C.D. Warner, et al., comp. The Library of the World’s Best Literature.
An Anthology in Thirty Volumes. 1917.
Critical and Biographical Introduction
By Alexander von Humboldt (17691859)
B
Humboldt was born in Berlin, September 14th, 1769. His father was an officer of high rank in the Seven Years’ War, and afterwards a court chamberlain. The son first received private instruction, with his elder brother Wilhelm, the celebrated scholar and statesman, and then studied philology, history, and other branches, at Frankfort and Göttingen, making occasional trips to the Hartz Mountains or on the Rhine,—a result of these jaunts being a monograph on a geological subject. In 1790 came travel in Holland, Belgium, England, and France,—an experience which first suggested further travels in far-lying tropic lands; then came more study at a trades-school in Hamburg and at the well-known Mining School at Freiburg. His work won for him in 1792 the position of mining engineer; and tours in Switzerland and the Tyrol gave him material for several volumes in geological or chemical fields. The year 1799 marked a turning-point in his career; for he resigned his post in order to give himself unreservedly to the study of science. Some months were spent in Jena, where he enjoyed the society of Goethe and Schiller; starting in 1797, in company with Bonpland, the distinguished French botanist, upon a series of wanderings in Spain, Switzerland, Italy, and France. In 1799, still with his fellow scientist, he set out for South America, and spent five years in that country and in Mexico, engaged in various investigations; his adventures including the climbing of Chimborazo to an altitude higher than had hitherto been attained. Except for occasional visits to Berlin and other cities, he resided by permission of the German king in Paris, pursuing his researches, writing and preparing for the press his many treatises: but finally came back to Berlin for good and all in 1827, to begin his famous lectures at the University upon physical geography; holding too the position of court chamberlain, like his father before him. His natal city was his home until his death more than thirty years later.

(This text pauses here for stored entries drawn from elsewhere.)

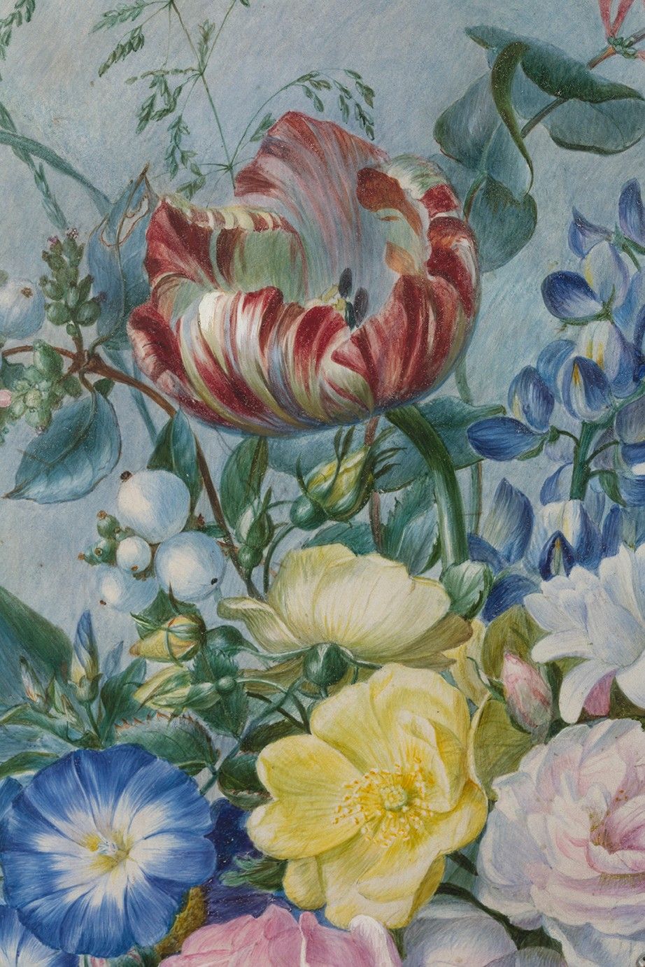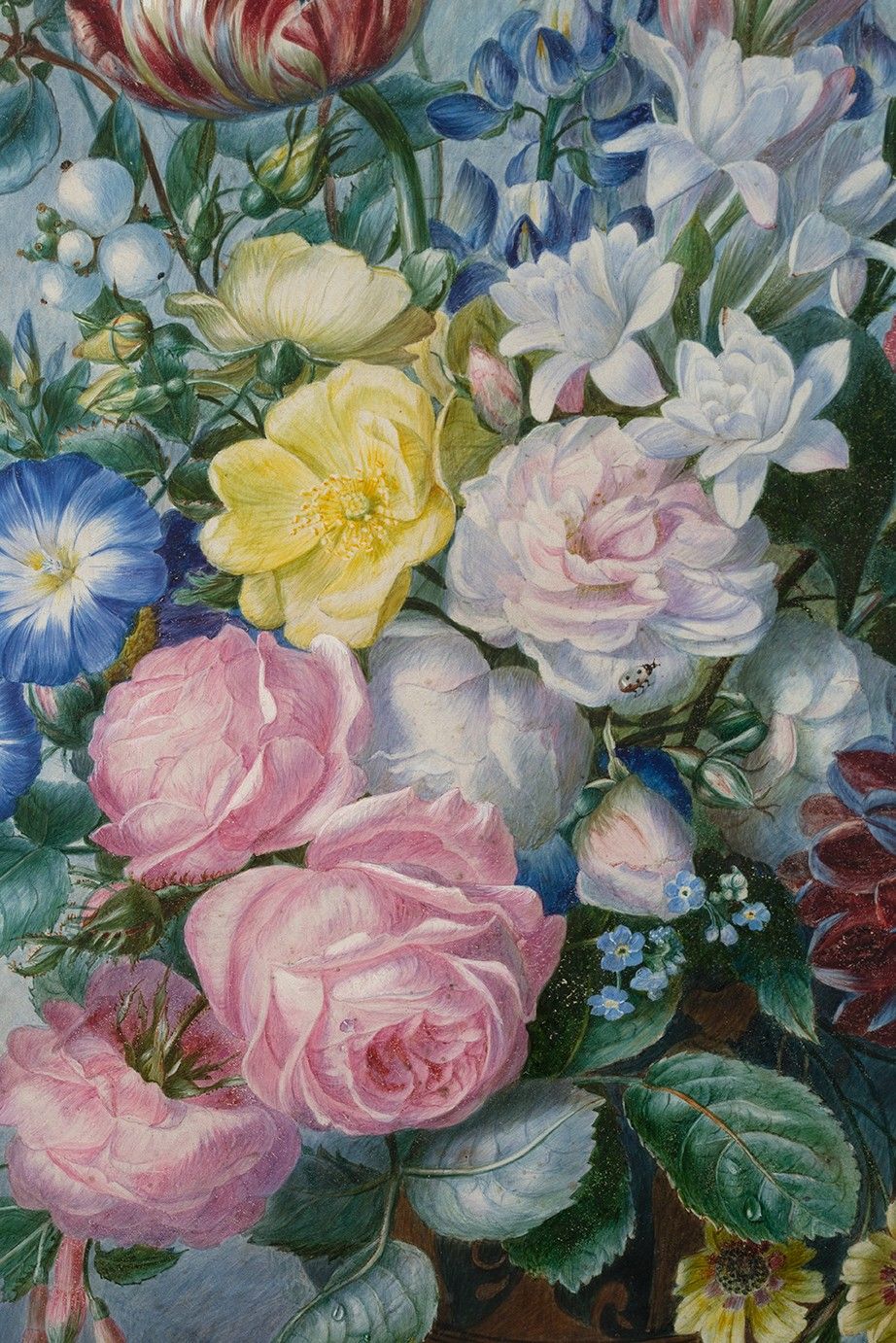 Still life with a nest and bouquet of roses, tulips, lupinus, ipomea, white waterlilys, myosotis, chrysanthemum, coreopsis, auriculas, fuchsias, pansies and snowberry on a stone entablature, graphite and watercolour enhanced with gum arabic
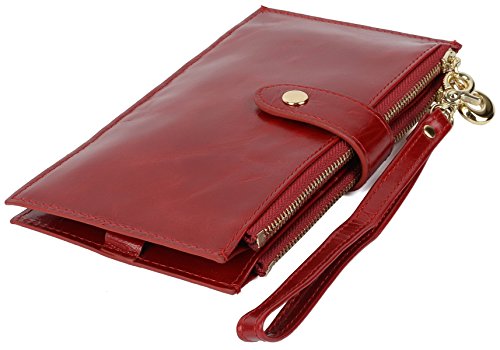 Best Seller! Yaluxe Women's Leather Multi Card Organizer Wallet with Double Zipper Pocket (Gift Box) Red Review
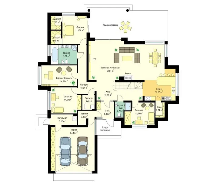 | Гараж | 2 машины |
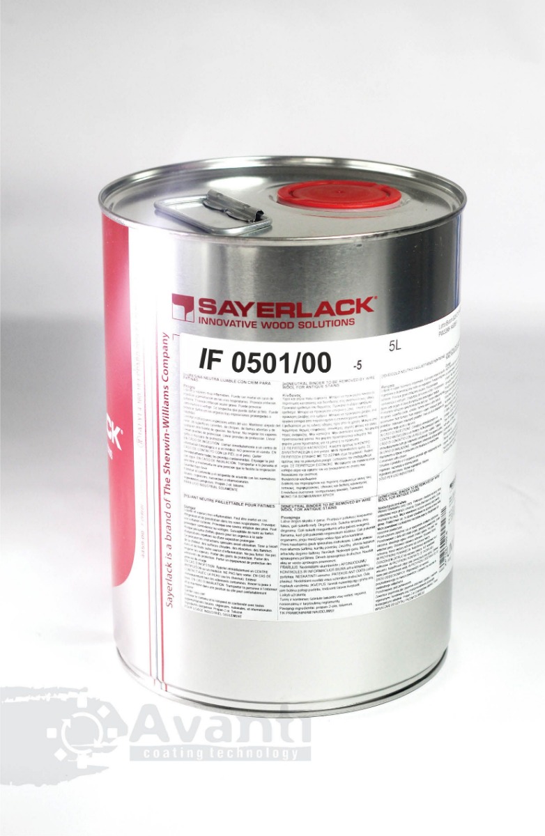 IF 501/00 содержит в своём составе компоненты, которые при слишком большой толщине нанесённого материала могут давать белёсый/мутный оттенок, что искажает финишный цвет изделия. Поэтому наносить данный материал толстым слоем (более 160 г/кв.м.) на тёмные породы древесины, шпона либо на затонированные тёмными морилками деревянные поверхности не рекомендуется.
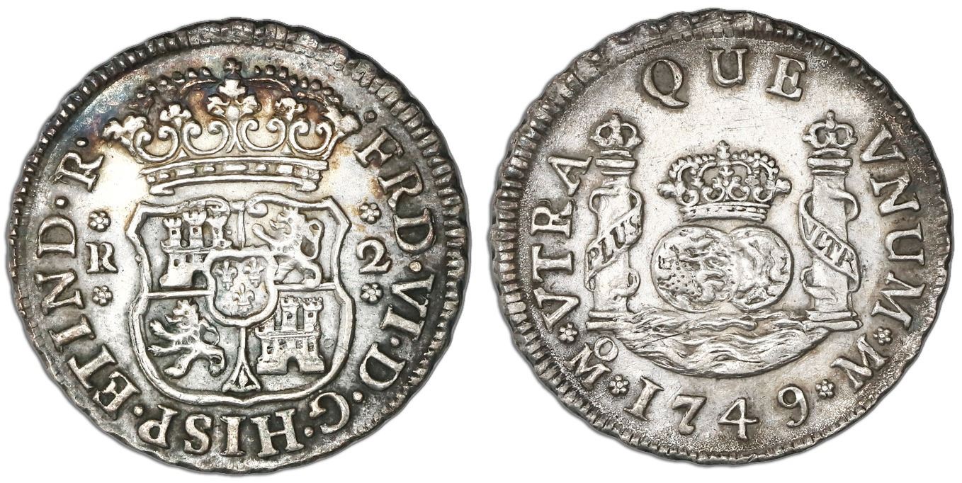 Mexico City, Mexico, pillar 2 reales, Ferdinand VI, 1749M, pellets at beginning and end of shield-side legend. KM-86.1; CT-489. 6.72 grams. AU-, once lightly cleaned but now with pretty rainbow toning developing at rims. Gilboy-M-2-22a (S), Yonaka-M2-49a (N). Pedigreed to the Potomac collection of Mexican pillars, and to the Ponterio auction of September 2004, with original lot-tag #443 (cut down).
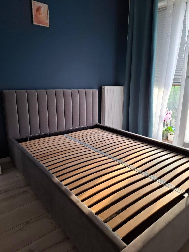 Model UNO to propozycja dla osób ceniących prostotę, elegancję i szybki termin realizacji. Jest dostępny w dwóch modnych kolorach – beżowym i szarym – oraz w popularnych wymiarach 140×200 i 160×200. Nasza realizacja obejmowała montaż łóżka w wersji 140×200 w kolorze szarym.
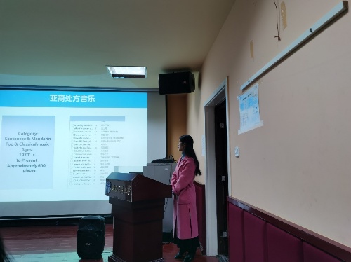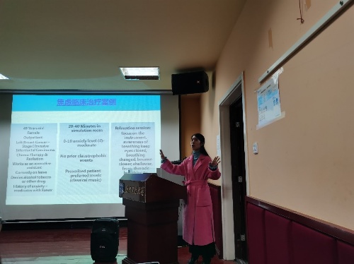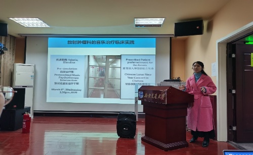 在同学们的认真听讲中,讲座很快进入了第二部分。刘老师向同学们分享了她在美国西奈山医学院访学期间的经历。例如,给亚裔焦虑患者开处方音乐、新年之际在医院开小型音乐会、治疗老年患者的焦虑情绪、将一群中风的患者组成合唱团、为当时处在疫情中的祖国祈福......这些有趣、温暖人心的经历,让在场的同学沉迷其中。

In 1829, at the instigation of the Russian Emperor Nicholas, he undertook with other scientists a journey to Siberia and the Caspian Sea. During the next decade he executed several government missions in Paris; was instrumental in organizing observation stations, which led to the fine system of meteorological stations now obtaining in Germany; and completed the editing of one of his greatest works, the ‘Critical Examination of the History of Geography of the New Continent,’ written in the French tongue. With the exception of brief journeys to England and Denmark in 1841 and 1845, Humboldt remained in Germany, and with the zeal and enthusiasm of a young man carried on his labors as teacher and scholar in Berlin; the richest fruits of which are seen in his master work ‘Cosmos: A Sketch of a Physical Cosmography’ (1845–1858). This comprehensive study of the physical universe exhibits the rare union of qualities which makes Humboldt truly a genius in science. Of encyclopædic knowledge, a specialist pursuing technical analyses to their minutest details, the founder of meteorology and physical geography, a discoverer on the subjects of sea and plant life, a thinker who did original work in geology, astronomy, zoölogy, botany, and mineralogy,—he yet had the synthetic grasp, the insatiable desire for an all-embracing conception of the world of matter. He used his wonderful acquirements as a foundation upon which to rear a lofty structure whence all nature might be viewed and a sense of her as a living whole be gained. The ‘Cosmos,’ because of this broad outlook and nobility of spirit, is a unique work in scientific literature. Its general scheme embraces a fine introduction,—from which the selections below are chosen,—in which the author’s views on Nature as a vast organic unity are set forth with eloquence; a grand review of natural phenomena, sidereal and terrestrial, and including the study of man as an inhabitant of the planet; followed by a consideration of the incitements to nature’s study found in the literature of many lands; and concluded by a sweeping survey of the progress among mankind of natural conceptions with regard to the universe. There is nothing dry or repellently technical about the treatment, which is broad, profoundly ethical, and aglow with elevated feeling.
Humboldt, moreover, showed himself to be a man of wide human sympathy by presenting his theories and discoveries in lectures and popular articles, simply and plainly, so that those who ran could read and understand. It was natural that one who had this catholic sympathy, this feeling for the ideal significance of the natural world, this wish to put it before his fellow-men in the way of literature rather than of science, should have done writing of artistic worth.
A list of Humboldt’s works would be very long, and is necessarily omitted. He died May 6th, 1859, at the great age of ninety. He was, as a German critic remarks, the Nestor of scientific investigators in his own land, and indeed in Europe. As his statue is one of the proud ornaments of the stately entrance of Berlin University, so he himself is one of the proud intellectual adornments of his race,—a race conspicuous in the accomplishments of learning and genius.